Face Fear and Keep Going

Fear, while critically necessary for life itself, can be horrifying and crippling. It can also eat away at us day in and day out. And yet, welcoming our fear turns out to be the best way to conquer it. Over and over again.

Illustration by Min Ahwon

Life is frightening. That thought came over me the morning after the mass killings in Paris last November. On the night of the attacks, I emailed a friend there, asking if he was okay. He wrote back the next morning: “Everything is fine…but what a shock!” What a shock indeed.

Events like this evoke many responses: sadness, fear, anger, hoping it won’t happen to me, worrying about whether friends and family are all right, wondering how to help. It also highlights the necessity to work with our own fear, from the little niggling fears we have to the biggest challenges we face in life. Where do we find courage? Where do we find solutions?

It seems there are no sweeping answers that magically calm our fear and anxiety. However, some hints may be close at hand. For intertwined with fear, we discover fearlessness.  This was highlighted by the response of citizens in Paris on Twitter, immediately following the attacks: People using the hashtag “Porte Ouverte”—Door Open—to offer shelter to those affected by the bombs and shootings, who needed a place to spend the night, who could not get home, who needed a refuge from the terror. Come here, our door is open to you. That message of fearlessness and human solidarity is one we can celebrate in these frightening times.

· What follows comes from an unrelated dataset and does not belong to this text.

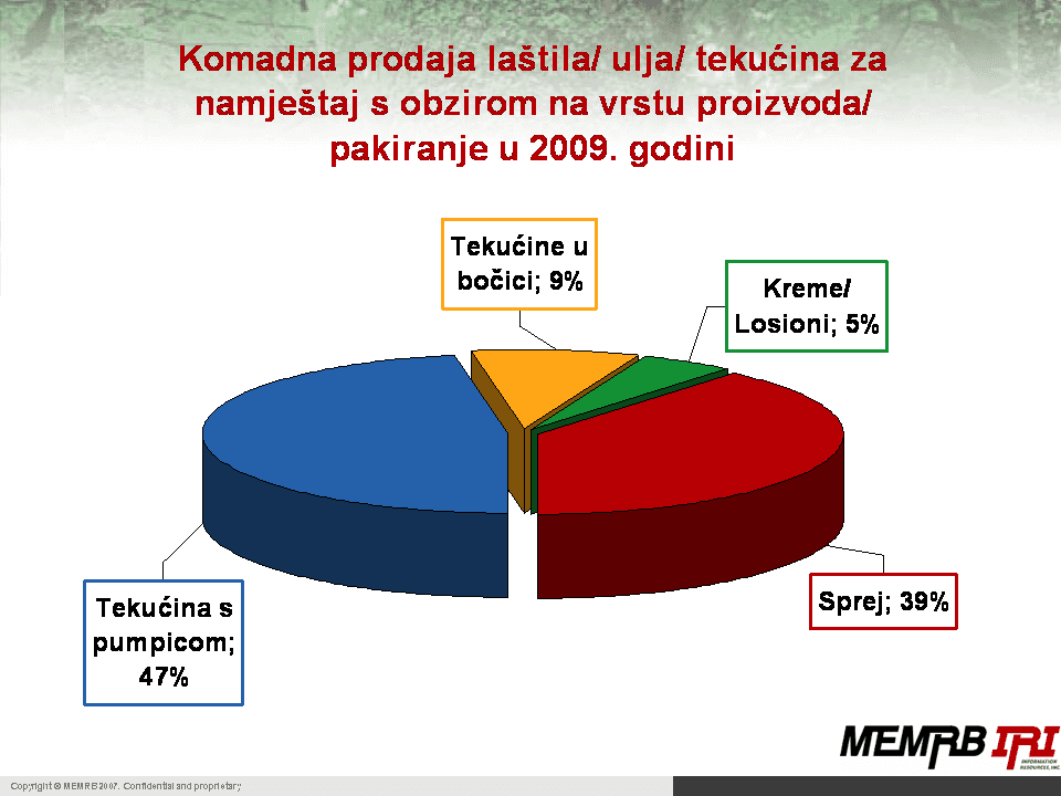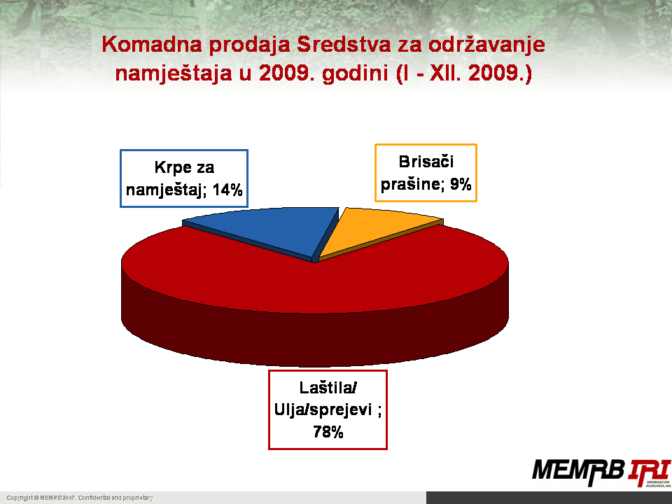 Najveći segment koji zapravo drži ovu kategoriju jesu sprejevi/ulja/laštila koji nose oko 80 % komadne prodaje. Krpice za namještaj nose 14 %, a brisači prašine 9 % komadne prodaje.

More mundanely, how can we connect an event like the Paris attacks to the everyday fear we feel?—the fears we encounter when shopping for a bathing suit, taking a flight, or just looking at the day ahead. Is the Open Door policy one we can use personally? Or should we adopt a Closed Border approach? More and more, in these challenging times, we’re asked to face these options.

If we are human, we are capable of fear, and we will all know fear at some time. Of course, it’s not just humans who feel fear. Animals, too, experience this primal emotion. In Animals in Translation, Temple Grandin writes: “The single worst thing you can do to an animal emotionally is to make it feel afraid. Fear is so bad for animals I think it’s worse than pain.”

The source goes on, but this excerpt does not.